Belgium museum displays Indian spiritual art

Work provides solace to art aficionados at art fair

Belgium museum displays Indian spiritual art

Amid the confusion between traditional and modern art, a visitor’s mind seeks solace in the spiritual form. The works at the booth of Museum of Sacred Art (MOSA) from Belgium, at the ongoing India Art Fair at NSIC Exhibition Grounds, Delhi, is therefore of significance.

Though at present the museum is exhibiting only one of its shows “Forms of Devotion: The Spiritual in Indian Art,” it has a collection of 1,800 works on Indian spirituality that are ready to be exhibited once the museum is in place.

“We are working towards having a museum, but we have a gallery in Belgium where some of these works are exhibited,” says Martin Gurvich, director of MOSA.

What intrigues a visitor at this stall, more than the display of aesthetically beautiful artworks, is the reason why Gurvich decided to set up a museum of Indian spiritual art in the heart of Western Europe. 

“Since my father was an artist, I could connect to art in my childhood but never got a spiritual atmosphere at home.

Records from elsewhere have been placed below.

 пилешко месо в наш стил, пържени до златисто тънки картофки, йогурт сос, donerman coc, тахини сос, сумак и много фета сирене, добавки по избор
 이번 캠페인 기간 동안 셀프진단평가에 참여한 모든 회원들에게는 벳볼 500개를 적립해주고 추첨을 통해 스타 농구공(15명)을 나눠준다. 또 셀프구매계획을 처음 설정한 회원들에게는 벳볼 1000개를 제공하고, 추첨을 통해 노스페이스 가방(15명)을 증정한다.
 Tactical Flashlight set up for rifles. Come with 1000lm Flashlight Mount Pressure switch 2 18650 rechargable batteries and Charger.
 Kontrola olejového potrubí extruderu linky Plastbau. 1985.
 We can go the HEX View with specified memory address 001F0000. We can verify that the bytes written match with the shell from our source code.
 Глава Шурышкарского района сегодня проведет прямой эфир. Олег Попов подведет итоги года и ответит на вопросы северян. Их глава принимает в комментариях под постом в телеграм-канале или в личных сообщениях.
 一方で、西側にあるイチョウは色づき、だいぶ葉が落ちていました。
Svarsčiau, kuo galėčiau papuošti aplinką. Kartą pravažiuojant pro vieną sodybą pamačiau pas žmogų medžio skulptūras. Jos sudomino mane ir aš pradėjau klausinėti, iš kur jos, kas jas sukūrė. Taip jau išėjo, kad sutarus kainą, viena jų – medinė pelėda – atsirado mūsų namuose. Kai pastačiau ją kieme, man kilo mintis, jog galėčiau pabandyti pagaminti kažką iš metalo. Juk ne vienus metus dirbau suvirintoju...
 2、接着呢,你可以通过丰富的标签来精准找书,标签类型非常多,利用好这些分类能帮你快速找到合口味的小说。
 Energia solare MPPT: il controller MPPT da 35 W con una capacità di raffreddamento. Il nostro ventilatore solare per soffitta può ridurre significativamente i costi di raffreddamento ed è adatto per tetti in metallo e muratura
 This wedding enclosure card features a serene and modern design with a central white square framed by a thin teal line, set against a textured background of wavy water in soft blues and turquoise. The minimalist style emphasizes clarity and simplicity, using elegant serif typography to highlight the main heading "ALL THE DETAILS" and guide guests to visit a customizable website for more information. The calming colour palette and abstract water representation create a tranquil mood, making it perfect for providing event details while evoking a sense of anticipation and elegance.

I was 19 years old when I became interested in spirituality, and Buddhism and Hinduism attracted me,” says Gurvich, who is today a follower of Gaudiya/Chaitanya Vaishnav tradition, prominent in West Bengal and Odisha.

It didn’t take him long to connect with the spiritual in visual art and he started researching on the same. The director said: “In 2007, we decided to work on a small art project with the theme of Hindu traditional art. The first piece that I bought was a miniature devotional piece by renowned artist B G Sharma from Rajasthan.” 

He soon met curator Sushma K Bahl who further helped him increase his collection for the museum. “We have a community collective in Belgium, of which the gallery is a part. Around 50,000 people from across the world, including a lot of Indians, visit the gallery every year,” he says as one looks at MOSA’s website pictures and finds their gallery as a look-alike of a Lord Krishna temple.

“In India, fairly smaller number of people visit art shows as compared to Europe. It is through spirituality that we want to heighten the interest of people in art here,” he added, hinting about the exhibition of 350 works that his community is planning to bring to Lalit Kala Akademy in March this year.